Perhaps the most important link that locus of control has to health psychology is Claire Bradley's work, which links locus of control to the management of diabetes mellitus. This empirical data was reviewed by Norman and Bennet and they note that the data collected on whether certain health-related behaviors are related to internal health locus of control is at best ambiguous. For example, they point out that according to certain studies locus of control was found to be linked with increased exercise, but also note how other studies have mentioned that the impact that exercise has on locus of control is either minimal or non-existent.
Activities such as jogging or running have long since been dismissed as lone factors for influencing any sort of command in one's locus of control. This ambiguity goes on in the study, with data on the relationship between internal health locus of control and other health-related behaviors also being suspicious. For example, a person who loses a sports game may feel depressed or anxious if they have a strong internal locus of control. If this person thinks, "I'm bad at sports and I don't try hard enough," they might allow the loss to affect their self-image and feel stressed in future games.
However, if this person takes an external focus during such situations "We were unlucky to get matched with such a strong team," or "The sun was in my eyes! Where does your locus of control fall on the continuum? Read through the statements below and select the set that best describes your outlook on life. If the statements above best reflect your view on life, then you probably tend to have an external locus of control.

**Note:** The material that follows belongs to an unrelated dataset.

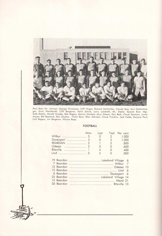 Back Row: Mr. Johnson, George Wynecoop, Cliff Wigen, Richard Stuhlmiller, Claude Ross, Earl Oehlschlaeger, Ervin Wendlandt, Cliff Bergeron, Keith Schulz, Larry Landreth, Mr. Steele. Second Row: Manager Dale Dahlin, Harold Krupke, Bob Rogers, Marvin Carstens Jerry Owens, Don Beck, Chuck Eastman, Junior Anyan, Bill Rowland, Don Clayton. Front Row: Glen Atkinson, Chuck Franklin, Jack Fields, Dwayne Paul Carl Rogers, Jim Bergeron, Wayne Repp.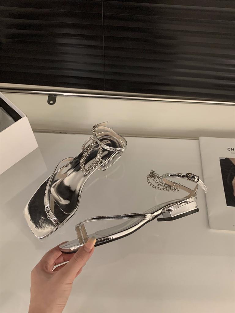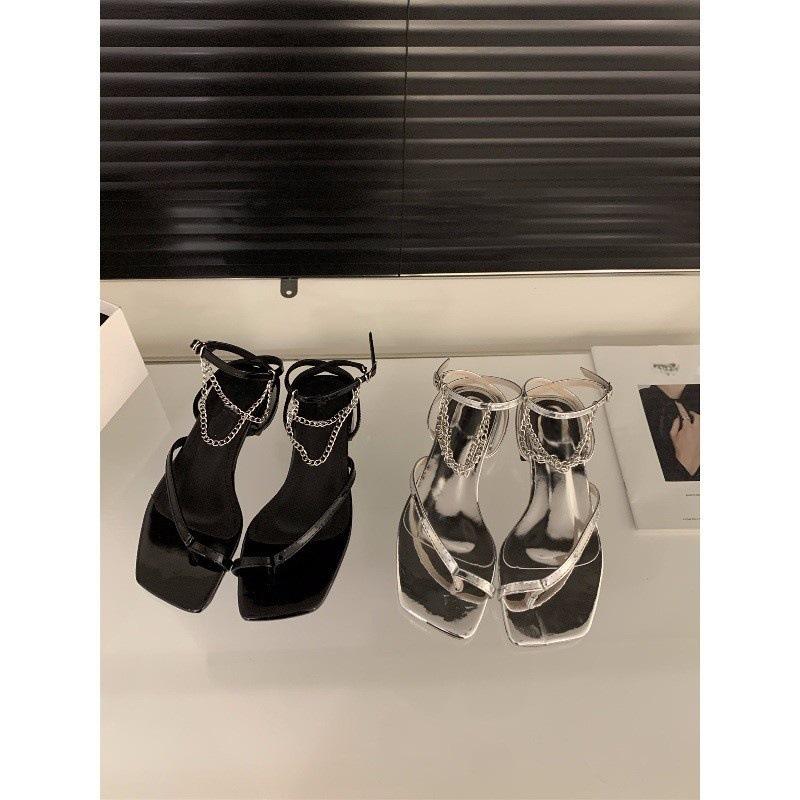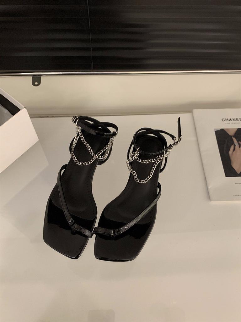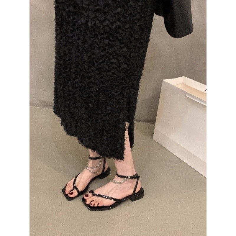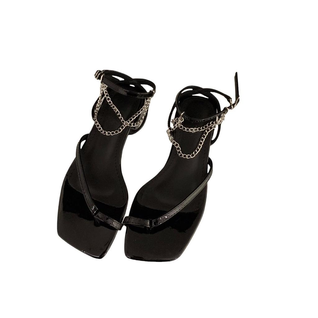 Нишевый дизайн французские черные сандалии с перемычкой между пальцами туфельки феи 2025 новая летняя модель толстый каблук тонкий ремешок римские туфли

If the statements above best reflect your outlook on life, then you most likely have an internal locus of control. Your locus of control can have a major impact on your life, from how you cope with stress to your motivation to take charge of your life.
In many cases, having an internal locus of control can be a good thing. It means that you believe that your own actions have an impact. If you tend to have more of an external locus of control, you might find it helpful to start actively trying to change how you view situations and events.

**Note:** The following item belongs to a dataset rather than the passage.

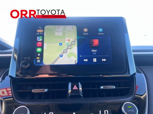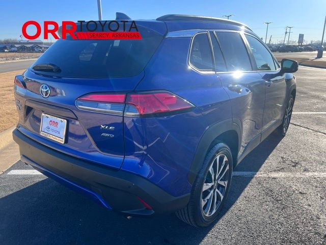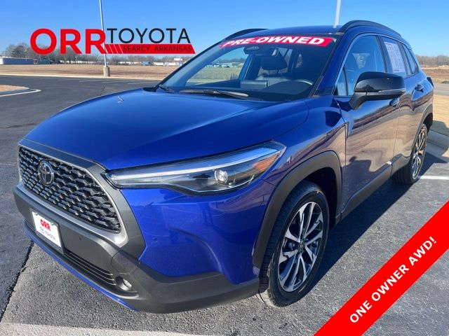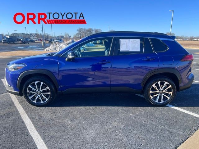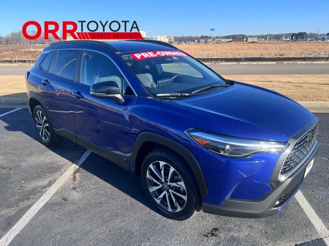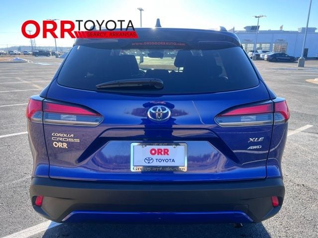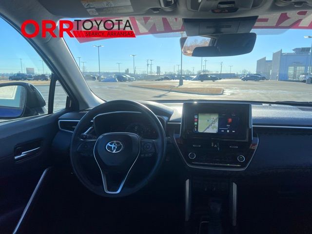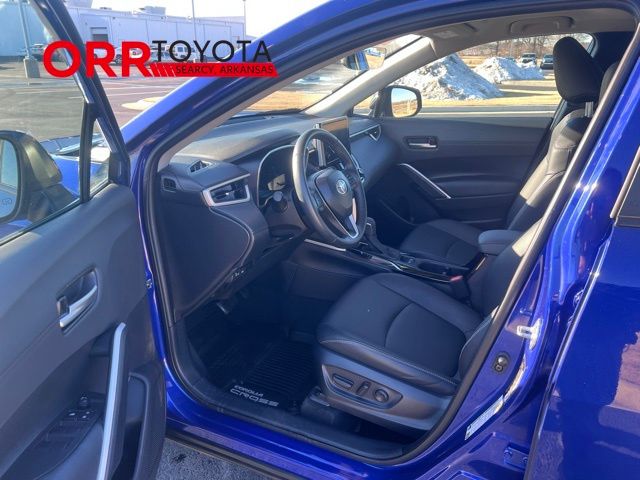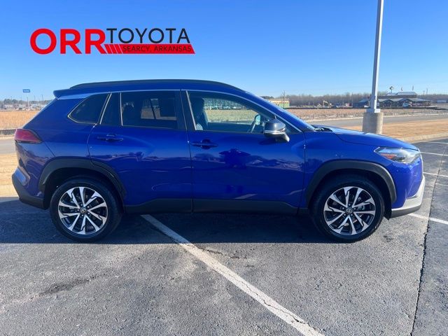 Blue Crush Metallic 2025 Toyota Corolla Cross XLE AWD CVT 2.0L I4 PDI DOHC 16V LEV3-SULEV30 169hp This Corolla Cross XLE is nicely equipped with 4-Wheel Disc Brakes, 6 Speakers, ABS brakes, Air Conditioning, Alloy wheels, AM/FM radio: SiriusXM, Auto High-beam Headlights, Auto-dimming Rear-View mirror, Automatic temperature control, Brake assist, Bumpers: body-color, Delay-off headlights, Driver door bin, Driver vanity mirror, Dual front impact airbags, Dual front side impact airbags, Electronic Stability Control, Emergency communication system: Safety Connect (10-year trial), Exterior Parking Camera Rear, Four wheel independent suspension, Front anti-roll bar, Front Bucket Seats, Front Center Armrest, Front dual zone A/C, Front fog lights, Front reading lights, Fully automatic headlights, Garage door transmitter: HomeLink, Heated door mirrors, Heated Front Bucket Seats, Heated front seats, Illuminated entry, Knee airbag, Leather Shift Knob, Leather steering wheel, Low tire pressure warning, Occupant sensing airbag, Outside temperature display, Overhead airbag, Panic alarm, Passenger door bin, Passenger vanity mirror, Power door mirrors, Power driver seat, Power steering, Power windows, Radio data system, Radio: 8" Toyota Audio Multimedia with 6 Speakers, Rear anti-roll bar, Rear seat center armrest, Rear side impact airbag, Rear window defroster, Rear window wiper, Remote keyless entry, Softex Synthetic Leather Seat Trim, Speed control, Split folding rear seat, Spoiler, Steering wheel mounted audio controls, Tachometer, Telescoping steering wheel, Tilt steering wheel, Traction control, Trip computer, Turn signal indicator mirrors, Variably intermittent wipers, and Wheels: 18" Black-Painted Machined Alloy. One owner Carfax, Carfax no accidents, Back up camera, Bluetooth, Blind spot monitor, Keyless entry.

Rather than viewing yourself as simply a passive bystander who is caught up in the flow of life, think about actions you can take that will have an impact on the outcome.

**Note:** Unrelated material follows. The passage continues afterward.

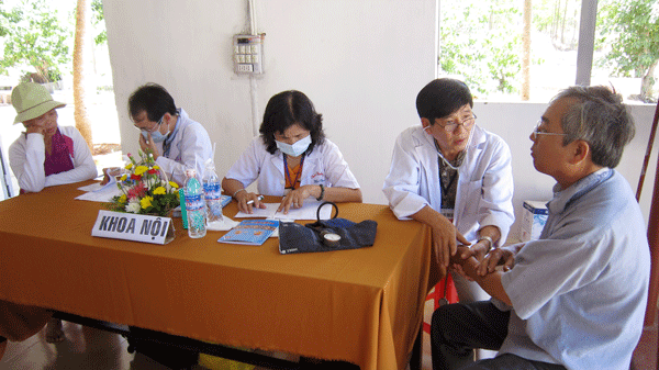 Được biết, đây là đoàn y bác sĩ thường xuyên tổ chức những đợt khám bệnh và điều trị từ thiện cho dân nghèo, đặc biệt là các nơi trực thuộc địa bàn vùng sâu vùng xa. Cùng đi chung đoàn có thầy Thích Tâm Huệ – tăng chúng chùa Hoằng Pháp, trưởng đoàn BS. Trần Văn Tốt và một số y, bác sĩ đến từ TP. HCM, tất cả khoảng 20 vị.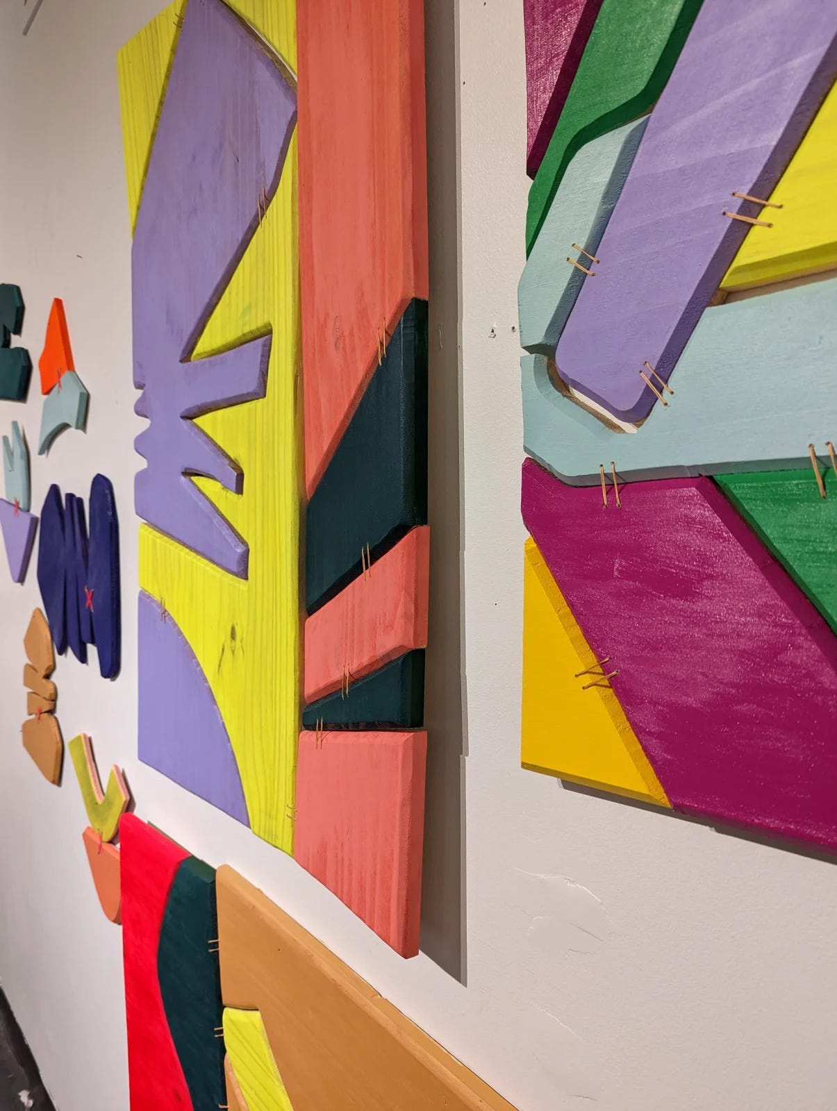 My color choice is very intuitive. Putting colors together is something I just love to do, and I feel like I know what colors I want to be next to each other. Specific colors have a personality and become characters; sometimes they want to be next to someone specific, or go to a color party with all their friends!

Ever wonder what your personality type means? Sign up to find out more in our Healthy Mind newsletter. Parental antecedents of locus of control of reinforcement: A qualitative review. Front Psychol. Rotter JB. General principles for a social learning framework of personality study. In: J. Rotter, ed. Prentice-Hall, Inc. Generalized expectancies for internal versus external control of reinforcement. Psychol Monogr.
Social Sciences. Lopez SJ ed. The Encyclopedia of Positive Psychology. Locus of control and the gender gap in mental health. J Econ Behav Organ. Are there gender differences in locus of control specific to alcohol dependence? J Clin Nurs. Differential associations of locus of control with anxiety, depression and life-events: A five-wave, nine-year study to test stability and change.